The basic command structure is:
-
--cores <N>: Tells Snakemake how many CPU cores to use. (e.g.,--cores 1for sequential execution,--cores 4for parallel). -
<target_file>: The file you want to generate. Snakemake will figure out the steps to get there. - If you dont specify a snakefile, Snakemake will look for a file
named
Snakefilein the current directory. You can specify a different file with-s <filename>.
The Anatomy of a Rule
The building block of Snakemake is the rule. Think of it as a recipe. To make a dish, you need ingredients (inputs), a kitchen (the environment), and a set of instructions (the shell command).
PYTHON
rule skim_data:
input:
"raw_data.txt"
output:
"skimmed_data.txt"
shell:
"grep 'Signal' {input} > {output}"
Important Properties:
- Rule Name: Must be unique.
- Input/Output: These are strings (or lists of strings). Snakemake uses these to “connect the dots” between rules.
-
Shell: The bash command to execute. Notice the
{input}and{output}placeholders—Snakemake automatically fills these in with the paths you defined above.
Understanding the Syntax
A Snakefile is essentially a Python script with some
extra keywords added. This is powerful because it means you can use
Python variables, functions, and libraries directly in your workflow
definition.
-
Indentation matters: Just like in Python, Snakemake
uses indentation (usually 4 spaces) to group code blocks. The
input,output, andshelldirectives must be indented relative to therule. -
Strings: File paths and commands are strings, so
they must be enclosed in quotes (
"..."or'...'). -
Comments: Use
#for comments, just like in Python/Bash. - Lists: If a rule has multiple inputs or outputs, you can list them with commas:
Running the Rule
- Create dummy data:
Create a
Snakefilewith the content shown above.Run Snakemake. We must tell it what file we want to generate:
BASH
pixi run snakemake --cores 1 skimmed_data.txt
# if you run snakemake from a conda environment or pip, use:
# snakemake --cores 1 skimmed_data.txt
If successful, you will see Finished jobid: 0.
OUTPUT
Assuming unrestricted shared filesystem usage.
host: gluon
Building DAG of jobs...
Using shell: /usr/bin/bash
Provided cores: 1 (use --cores to define parallelism)

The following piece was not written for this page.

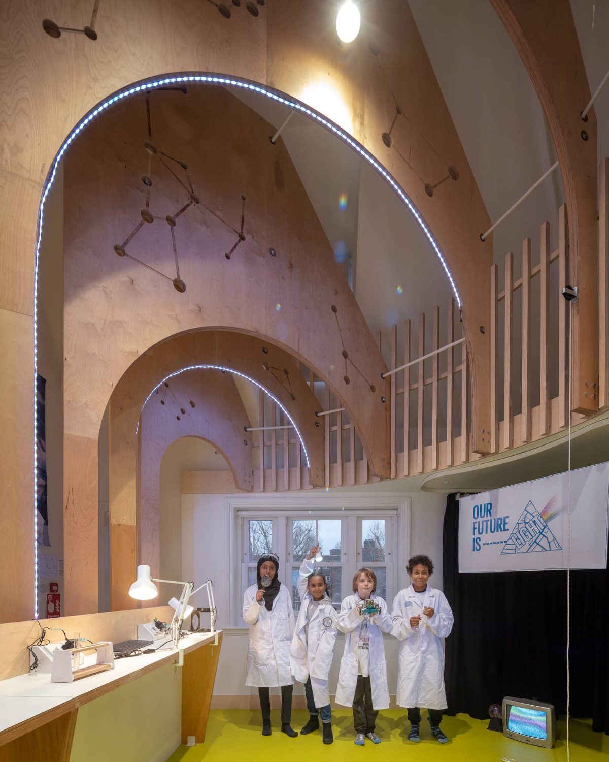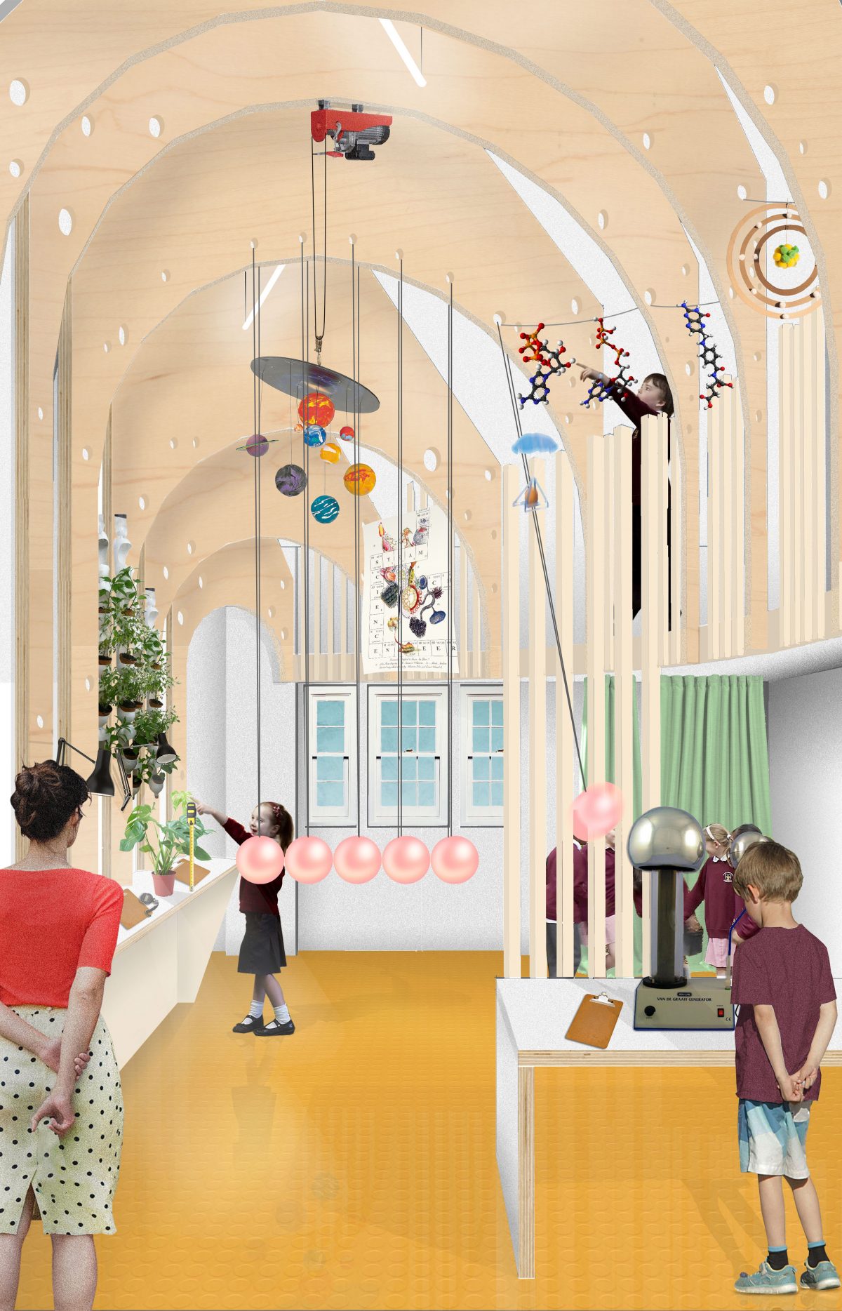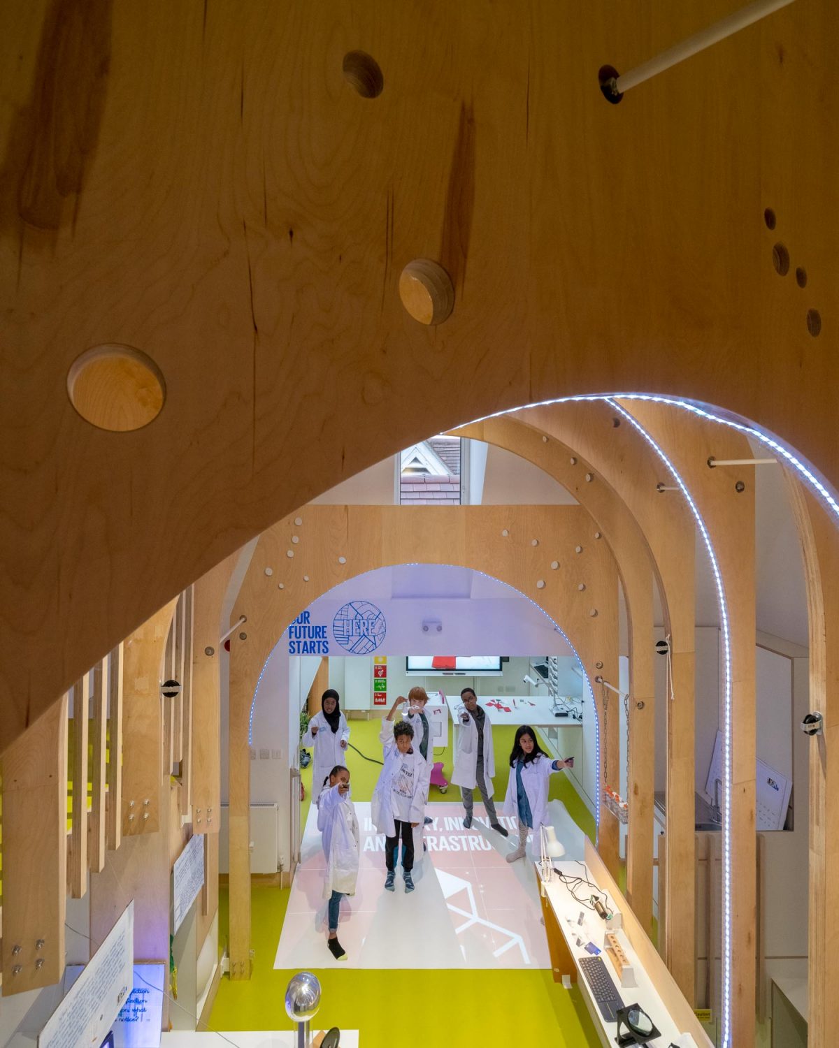 The extension provides a space where primary-school aged children can engage in active and physical experiments and testing of technology-based subjects. The designs were developed through workshops with the school’s pupils and Artist in Residence, Jack Cornell, to explore, test, draw and model the future uses of the space.
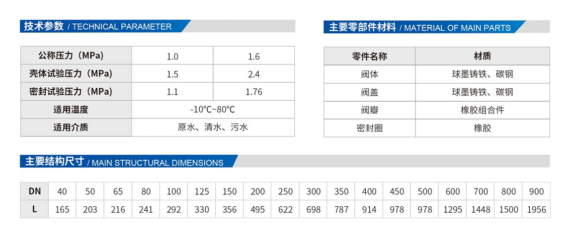 采用全流面積式設計,水頭損失小,不易堆積雜物,密封采用斜板式設計,關閉行程短,閥瓣采用橡膠與鋼板經高溫壓制而成,耐沖涮,密封性能好,產品結構簡單、維護和保養方便。

Rules claiming more threads will be scaled down.
Job stats:
job count
--------- -------
skim_data 1
total 1
Select jobs to execute...
Execute 1 jobs...
[Sun Feb 8 12:05:08 2026]
localrule skim_data:
input: raw_data.txt
output: skimmed_data.txt
jobid: 0
reason: Missing output files: skimmed_data.txt
resources: tmpdir=/tmp
[Sun Feb 8 12:05:08 2026]
Finished jobid: 0 (Rule: skim_data)
1 of 1 steps (100%) done
Syntax Error Hunt
Intentionally break your indentation (remove a space before
input:). Run the command again.
What error does Snakemake give you?
This IndentationError is the most common error you will
encounter.
- A
Snakefiledefines the workflow. - A
rulecontainsinput,output, and ashellcommand. - You execute the workflow by asking for the output file, not the rule name.